800 metri femminili: ULTIMO TEST PER CASTER SEMENYA: La vice campionessa mondiale Caster Semenya, che sarà portabandiera del Sudafrica alla cerimonia inaugurale del cercherà un tempo di valore dopo le ultime uscite non brillantissime. A Monaco si è sempre corso forte e anche quest’anno non dovrebbero mancare i grandi tempi con un cast che comprende la statunitense Alisya Montano (vincitrice ai Trials e prima a Monaco nel 2010 in 1’57”34), Maryam Jusuf Jamal, le russe Yelena Kofanova e Irina Maracheva, scese sotto l’1’58 in questa stagione. .
3000 metri femminili: Gara molto aperta ad ogni pronostico con il doppio argento mondiale Sylvia Kibet, la campionessa del mondo dei 1500 Jennifer Simpson, Mimi Belete, la campionessa mondiale juniores dei 5000 di Barcellona Diriba. .
400 ostacoli femminili: DEMUS, WALKER E ROSOLOVA: Interessante sfida tra la campionessa mondiale Lashinda Demus (53”98 ai Trials statunitensi) che a Monaco vinse nel 2009 in 52”63, la campionessa olimpica Melaine Walker e le due ceche Denisa Rosolava (argento agli Europei di Helsinki in 54”24 dopo una brillante carriera nel salto in lungo, nell’eptathlon e nei 400 metri) e Zuzana Hejnova.
Salto in alto maschile: WILLIAMS-GRABARZ_ BARSHIM: Torna il talentuoso qatariota Mutaz Barshim che a livello indoor ha superato quota 2.37 ma ad inizio stagione si è infortunato. L’uomo più in forma sembra essere il campione europeo di Helsinki Robbie Grabarz, che ha saltato 2.36 a New York e si candida per il podio olimpico a Londra, così come Jesse Williams che gareggia a Monaco. La stagione del campione mondiale è stata altalenante e ha rischiato di non qualificarsi per le Olimpiadi dopo il quarto posto ai Trials. Andrà a  Londra solo perché uno dei tre atleti che lo ha preceduto ai Trials non aveva il minimo. Attenzione anche al campione NCAA Erik Kynard, al debutto in Europa poco prima di partecipare alle Olimpiadi.

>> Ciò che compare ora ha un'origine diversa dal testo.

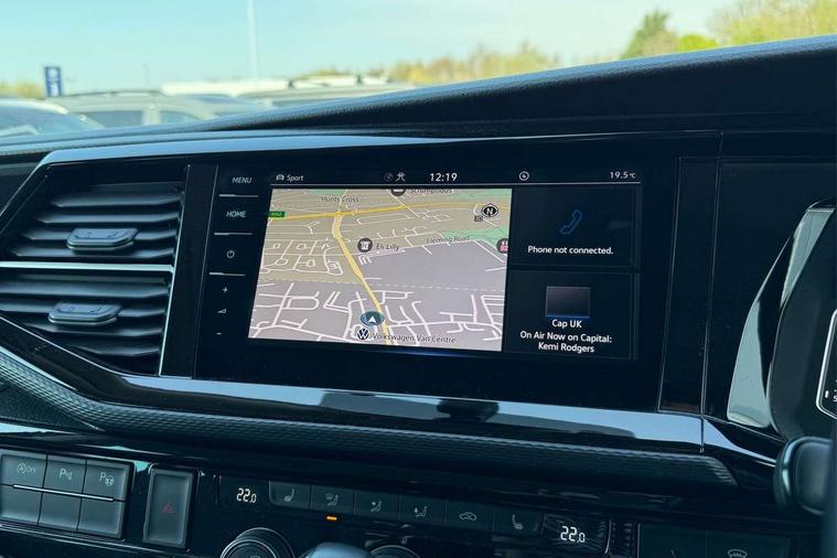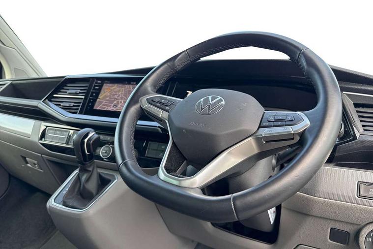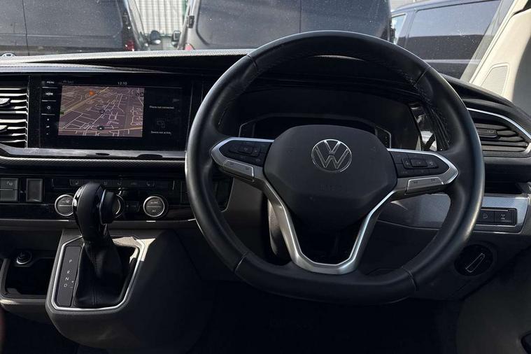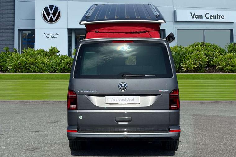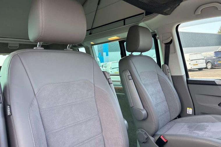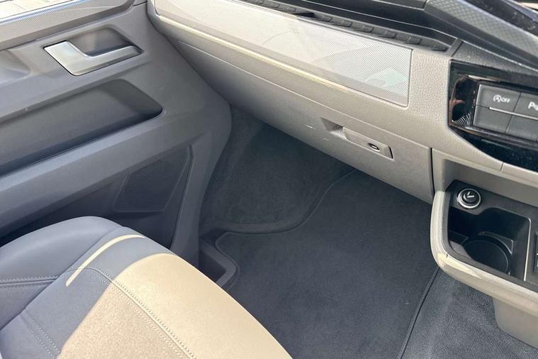 8" touch screen, Cross wind assist, Digital cockpit and driver alert system, eCall emergency system, Lane assist with side assist, Mobile phone interface, Navigation system preparation, Service interval indicator, Speed limiter, Start/stop system with regenerative braking, Tailgate latch without unlocking function from inside, Tailgate with window aperture and with power latching, Voice control system, Wired and wireless app connect, 17 inch chassis with 17 inch disc brakes in front and 16 inch disc brake in rear, 2 additional batteries with free maintanace including 1 additional battery with cut-off relay, 2 (type C) USB interfaces in dashboard, 8 speakers (4 tweeters + 4 woofers), Digital radio reception (DAB+), Regional code ECE for radio, Additional dust seals on the outside, Automatic headlight range control, Body colour bumpers, Body coloured door handles, California nameplate on the fender and on the rear, Electrically adjustable, heated, folding exterior mirrors, Electrohydrolic operated pop up roof with 3 windows and 1 front aperture, Front fog lights with cornering function, Heat insulating cab side windows, passenger compartment side windows tinted and with double glazing, Heated washer nozzles in front and washer fluid level indicator, High level 3rd brake light, LED headlamps with LED separate daytime running light, Left convex exterior mirror, Mounting rails on the roof (preparation for movable roof rack), Privacy glass with heat insulation, Radiator grille painted in black with 5 chrome trims, additional chrome trim at lower radiator grille, Rear boot, Rear window with insulating glass, rear window wiper and washer system, Right convex exterior mirror, Sliding window in front with fly screen and fixed window in rear in load passenger compartment left, Without left sliding door in load/passenger compartment, 1 waste bin in door storage compartment of the cab, 12V outlets in dashboard X 2, 2 velour floor mats, 2-seater bench/bed, movable along rail system and folds down into a two person bed, 230V inlet with charging feature for vehicle batteries and 230V outlet in the interior, 3 spoke leather wrapped multifunction steering wheel, Allergen filter, Armrest for both cab seats, Camping table for inside/outside in sliding door and 2 folding chairs in tailgate, Child seat anchors ISOFIX and top tether for Multivan/California in 2nd to 4th row of seats, Climatronic 3 zone air conditioning with 2nd evaporator, auxiliary heater, air conditioned headliner and additional passenger control, Dimmable illuminated instruments, Electromechanical speed sensitive power steering, height and longitudinally adjustable steering column, Front head restraints, Fully functional kitchen with gas hob, sink and 42 litre compressor cool box, Glove compartment with illumination, Grab handles on A pillar for access, on driver and front passenger side, Heated driver and front passenger seats, Illuminated steps in passenger/load compartment, Illuminated sun visors with mirror and airbag label on front passenger sun visor, Interior light concept for camper with comfort in passenger compartment incl additional LED light in the pop up roof for the loft bed, in the tailgate, Interior loading edge protection in plastic, Jack and tool kit, Manually adjustable lumbar supports for left and right single seat in the 1st row of seats, Operating voltage 12V including 230V outlet on driver seat, Plastic floor covering in passenger/load compartment, Programmable parking heater with radio remote control and auxiliary heater, Rear head restraints, Refrigerant R1234yf, Roof bed (2000 x 1200 mm) with spring plates and mattress, Soft folding grab handles on roof frame, Special interior noise suppression measures, Special sound deadening measures in cab and passenger compartment, Step illumination with California lettering, Swivel seat on the left, with lumbar support in 1st row of seats, Swivel seat on the right, with lumbar support in 1st row of seats, Waeco compressor fridge, Without height adjustment for driver and single passenger seats, Lights and vision pack - California Ocean, Smokers pack - California, Airbags - Drivers and front passengers side and curtain airbags, Driver/Front Passenger airbags, Electronic stability control, ABS, ASR, EDL, brake assist system, Front assist with Autonomous emergency braking for Adaptive cruise control (ACC), Height adjustable 3 point seat belts on outer seats in cab with electric pretensioners, Hill start assist, Manual passenger airbag deactivation function, Power operated child safety locks, Single tone horn, Warning buzzer and light for driver seat belt not fastened, Anti theft alarm system with interior monitoring in cab, backup horn and towing protection, Central locking system with radio remote control, system controls inside and safelock, Lockable wheel bolts, Comfort dashboard lower part in palladium with chrome elements and bezels painted in black,

Salto in lungo maschile: WATT IN FORMA: Il vice campione del mondo australiano Mitchell Watt ha vinto settimana scorsa a Londra con 8.28 mantenendo l’imbattibilità stagionale. A Londra ha battuto Chris Tomlinson e Godfrey Mokoena, entrambi in gara al Louis II. Interessante anche la presenza del campione europeo di Helsinki Sebastian Bayer, autore di un ottimo 8.34 ottenuto in occasione della rassegna continentale.

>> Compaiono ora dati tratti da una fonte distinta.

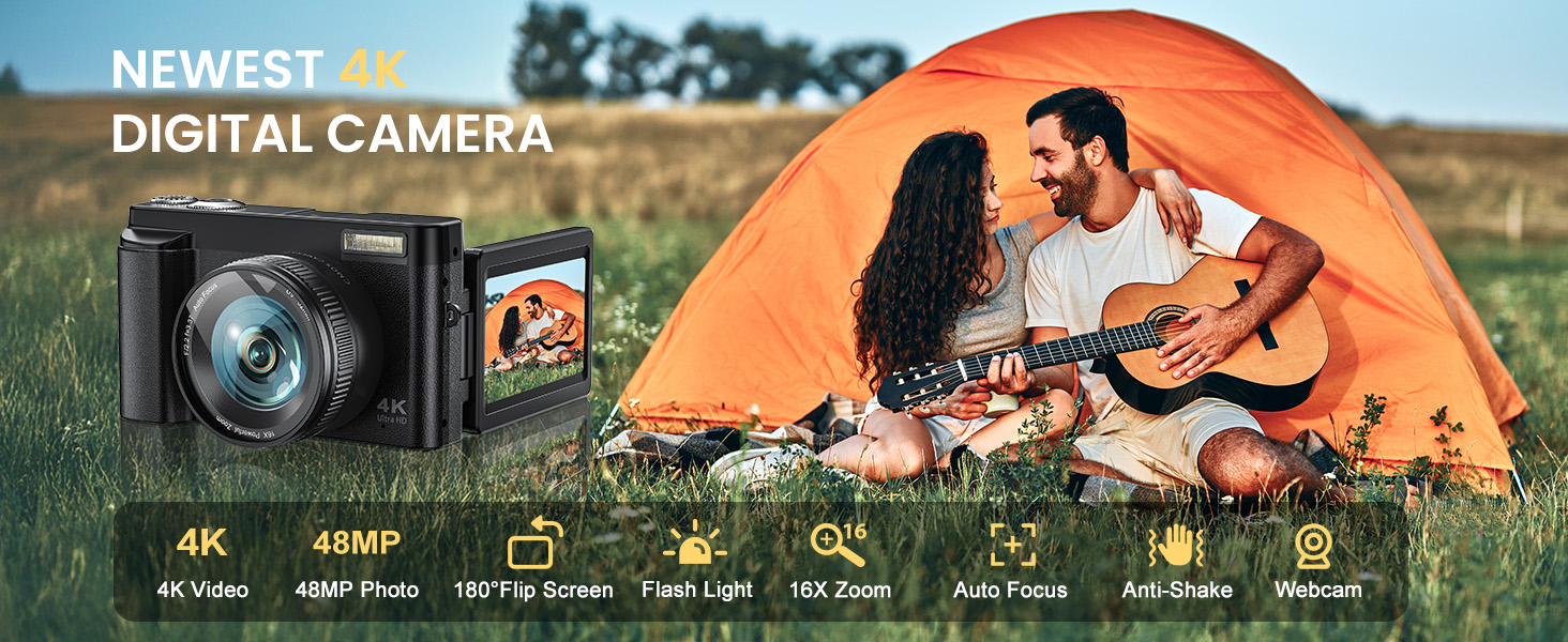 - 【Ultra HD 4K Camera for Vlogging】This digital camera uses the latest & advanced CMOS chip, can capture ultra HD 48MP images and record HD 4K resolution video, there is also a built-in flash to help you take high quality pictures even in low light & dark settings, ideal for indoors outdoors.6-axis anti-shake helps to minimize camera blur, giving you steadier shots while shooting sports, portrait, or distant scenery and without the need for any post-shoot editing.

Salto triplo femminile: IBARGUEN-RYPAKOVA: La colombiana Catherine Ibarguen, bronzo mondiale a Daegu, ha battuto settimana scorsa Olga Saladuha e si presenta in forma. Sfiderà la vice campionessa del mondo di Daegu Olga Rypakova e la mamma russa Tatyana Lebedeva, tornata ad ottimi livelli ai campionati russi dove ha saltato 14.68.
Lancio del giavellotto maschile: Mancheranno l’infortunato Andreas Thorkildsen e il campione europeo Vitezlav Vezely, che ha rinunciato a Montecarlo per preparare le Olimpiadi. Il favorito potrebbe essere l’ucraino Oleksander Pyanytsya, vincitore a Parigi con 85.67.
Lancio del disco femminile: Gara con tutte le possibili candidate al podio olimpico: la croata Sandra Perkovic, campionessa europea a Barcellona e Helsinki e leader della Diamond Race, la vice campionessa mondiale e europea Nadine Müller (68.89 nel 2012), la cubana Yarelis Barrios (68.03 nel 2012), tre volte medaglia mondiale e argento olimpico a Pechino.